- [Information provided]
####################

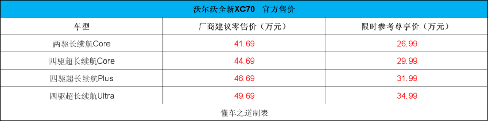 全新沃爾沃XC70近日正式登陸市場,推出四款不同配置車型,官方指導價區間為41.69萬元至49.69萬元,活動期間可享限時優惠價26.99萬元至34.99萬元。作為品牌首款基于SMA超級混動架構打造的車型,新車在動力系統與智能化配置方面實現突破性升級。
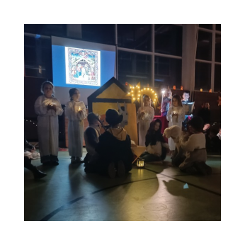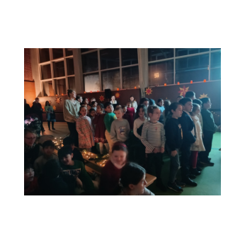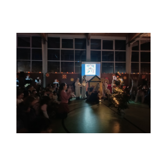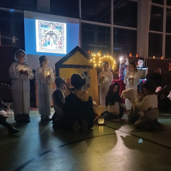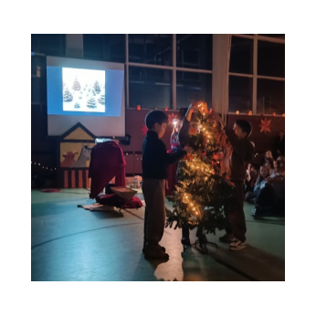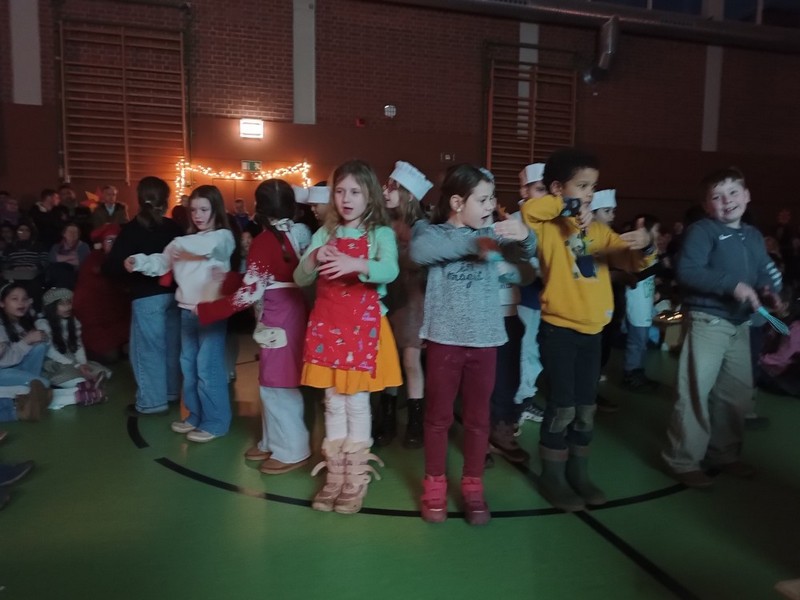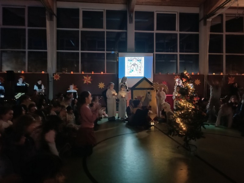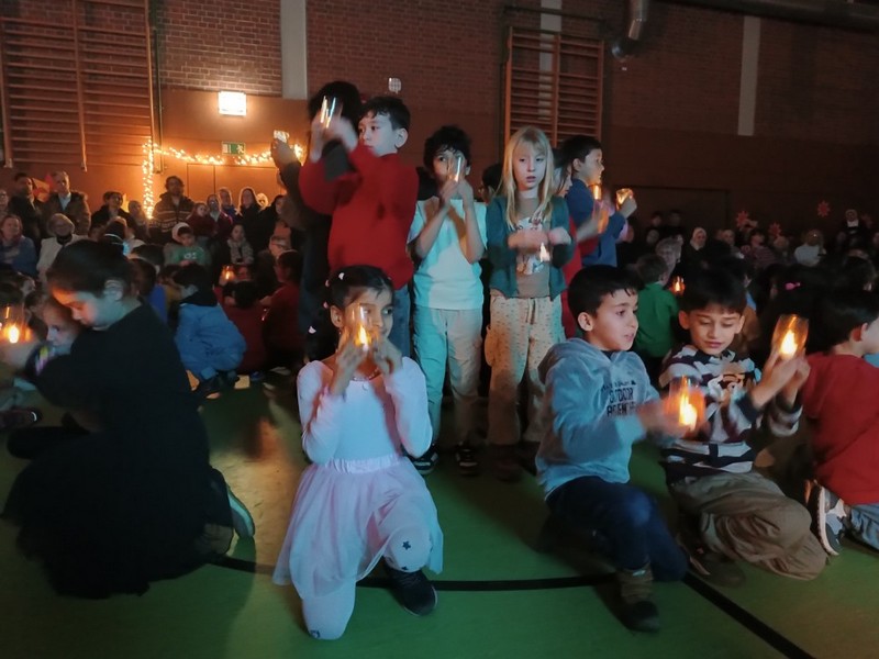 Zwei Kinder finden auf dem Dachboden der Schule ein dickes Buch mit vielen Weihnachtsbräuchen. So erfahren die Zuschauer ganz anschaulich jede Menge darüber, wie Weihnachten entstanden ist: moderne und alte Lieder wie die "Weihnachtsbäckerei" (2a/b) und "Gloria" (1c/3c), Gedichte wie "Die Weihnachtsmaus" (3a/b/c) und "Was unter dem Weihnachtsbaum liegt"(4a/b/c) sowie ein Lichtertanz (1b/2c), professionell musikalisch begleitet von unserer FRS-Band. Kinder der Klasse 1a schmückten einen Weihnachtsbaum und die Klasse 2a stellte die Weihnachtsgeschichte als Krippenspiel dar. Aber nicht die Plätzchen, nicht die Lichtertänze, nicht die Weihnachtsbäume sind das Wichtigste an Weihnachten: sondern die Frohe Botschaft von der Geburt Jesu. "Das besondere dieser Feier ist die Tatsache, dass hier verschiedene Nationen, Religionen und Kulturen gemeinsam Weihnachten feiern, so wie auch dieses Jahr wieder Iftar, das muslimische Fastenbrechen," fasste Rektorin Sabrina Neckov die besondere weihnachtliche Stimmung des Abends zusammen und dankte allen Mitwirkenden für die aufwendige und sehr gelungene Vorbereitungen.
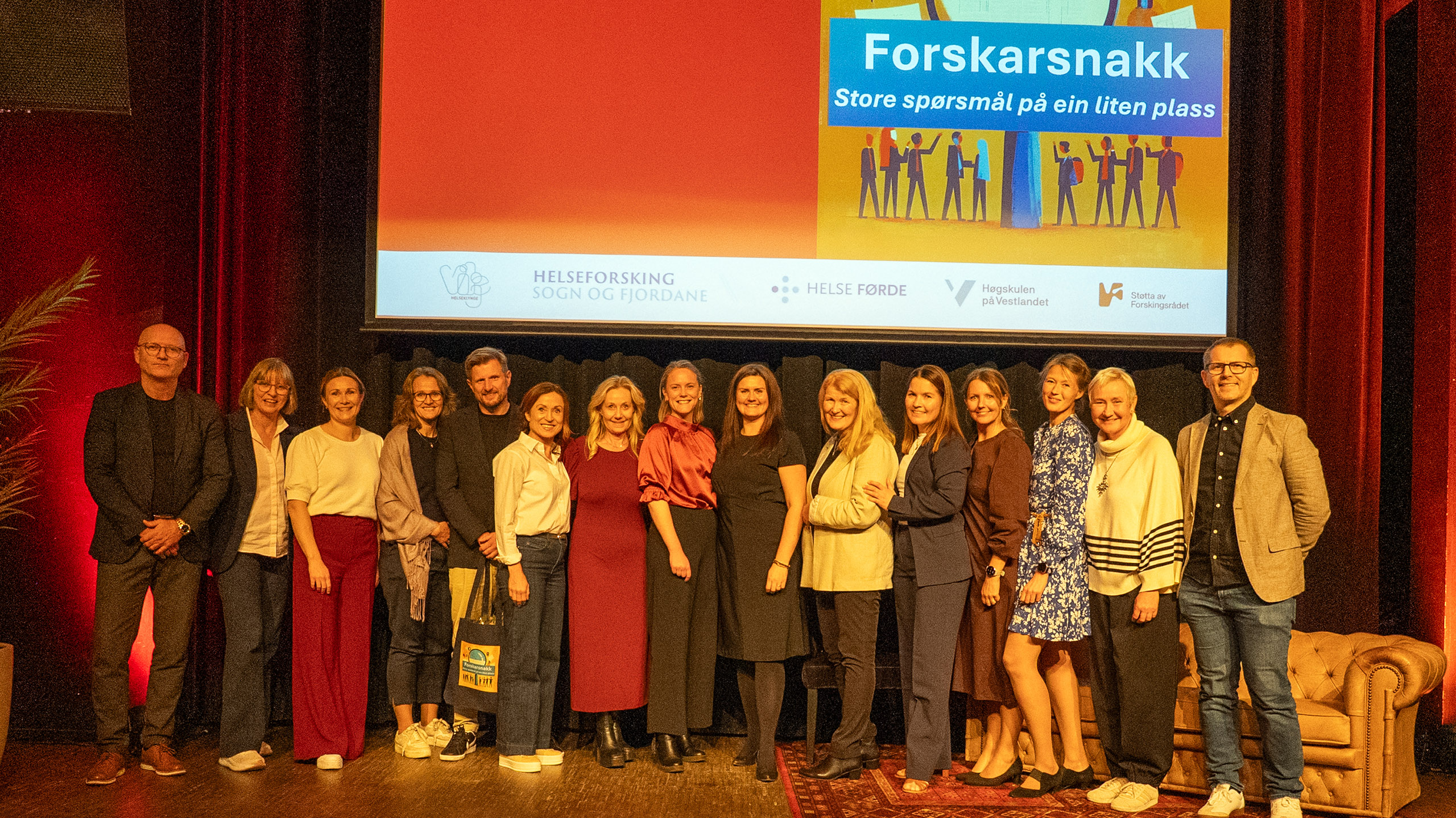 Forskarsnakk live: Forskarsnakk er ein podkast skapt av stipendiatmiljøet i Førde, og kombinerer forskarar frå både HVL og Helse Førde. Dei arrangerte ein festkveld på Larris scene på Sunnfjord hotell, med musikk, mat og underhaldande formidling av forsking, hovudsakleg frå stipendiatane. Arve Uglum, ny kommunikasjonsdirektør i Helse Førde, var programleiar.

####################

- [Goal of the exercise] Could you retype every line above exactly as it appears, skipping the pictures?

- [Exercise result]
 全新沃爾沃XC70近日正式登陸市場,推出四款不同配置車型,官方指導價區間為41.69萬元至49.69萬元,活動期間可享限時優惠價26.99萬元至34.99萬元。作為品牌首款基于SMA超級混動架構打造的車型,新車在動力系統與智能化配置方面實現突破性升級。
 Zwei Kinder finden auf dem Dachboden der Schule ein dickes Buch mit vielen Weihnachtsbräuchen. So erfahren die Zuschauer ganz anschaulich jede Menge darüber, wie Weihnachten entstanden ist: moderne und alte Lieder wie die "Weihnachtsbäckerei" (2a/b) und "Gloria" (1c/3c), Gedichte wie "Die Weihnachtsmaus" (3a/b/c) und "Was unter dem Weihnachtsbaum liegt"(4a/b/c) sowie ein Lichtertanz (1b/2c), professionell musikalisch begleitet von unserer FRS-Band. Kinder der Klasse 1a schmückten einen Weihnachtsbaum und die Klasse 2a stellte die Weihnachtsgeschichte als Krippenspiel dar. Aber nicht die Plätzchen, nicht die Lichtertänze, nicht die Weihnachtsbäume sind das Wichtigste an Weihnachten: sondern die Frohe Botschaft von der Geburt Jesu. "Das besondere dieser Feier ist die Tatsache, dass hier verschiedene Nationen, Religionen und Kulturen gemeinsam Weihnachten feiern, so wie auch dieses Jahr wieder Iftar, das muslimische Fastenbrechen," fasste Rektorin Sabrina Neckov die besondere weihnachtliche Stimmung des Abends zusammen und dankte allen Mitwirkenden für die aufwendige und sehr gelungene Vorbereitungen.
 Forskarsnakk live: Forskarsnakk er ein podkast skapt av stipendiatmiljøet i Førde, og kombinerer forskarar frå både HVL og Helse Førde. Dei arrangerte ein festkveld på Larris scene på Sunnfjord hotell, med musikk, mat og underhaldande formidling av forsking, hovudsakleg frå stipendiatane. Arve Uglum, ny kommunikasjonsdirektør i Helse Førde, var programleiar.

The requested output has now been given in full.